Eu ouso dizer que, em tal auditório como este, uma quantidade de Arminianos estão presentes. Eu temo que todas as nossas assembleias públicas têm muitos deles. Talvez, no entanto, mesmo essas pessoas, idólatras como elas são, podem estar aptas a censurar, e, em verdade, com justiça, o absurdo daqueles que adoram ídolos de prata e ouro, obra das mãos dos homens. Mas, permitam-me perguntar: Se assim é tão absurdo adorar a obra das mãos de outros homens, o que deve ser adorar as obras de nossas mãos?
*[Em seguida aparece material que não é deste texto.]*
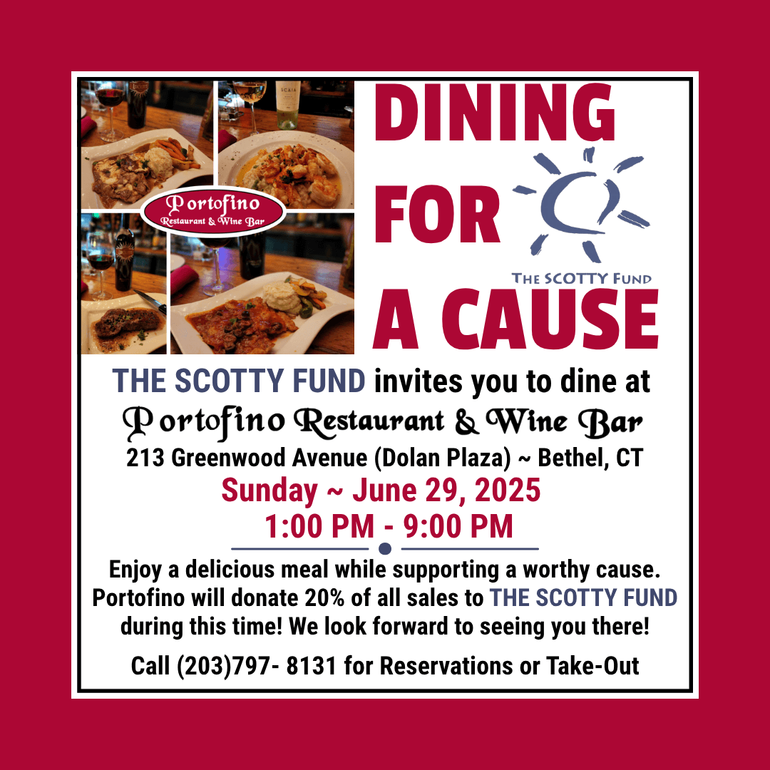 π£ This Sunday! Join us at Portofino Restaurant & Wine Bar in Bethel, CT for a special Fundraiser benefiting The Scotty Fund π
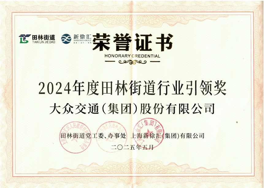 正规配资线上炒股门户 大众交通集团获颁“2024年度田林街道行业引领奖”

Talvez, você possa dizer: “Deus não permita que eu faça isso”. No entanto, permita-me dizer-lhe, que esperança, confiança, fé e dependência para a salvação, são todos atos, e estes também muito solenes, de culto Divino, e sobre o que você depende, no todo ou em parte, para sua aceitação diante de Deus, e para sua justificação diante de Seus olhos, seja o que for, em que você descansa, e confia, para a obtenção de graça ou glória; se for algo menos do que Deus em Cristo, você é um idólatra, quanto a todos os intentos e propósitos.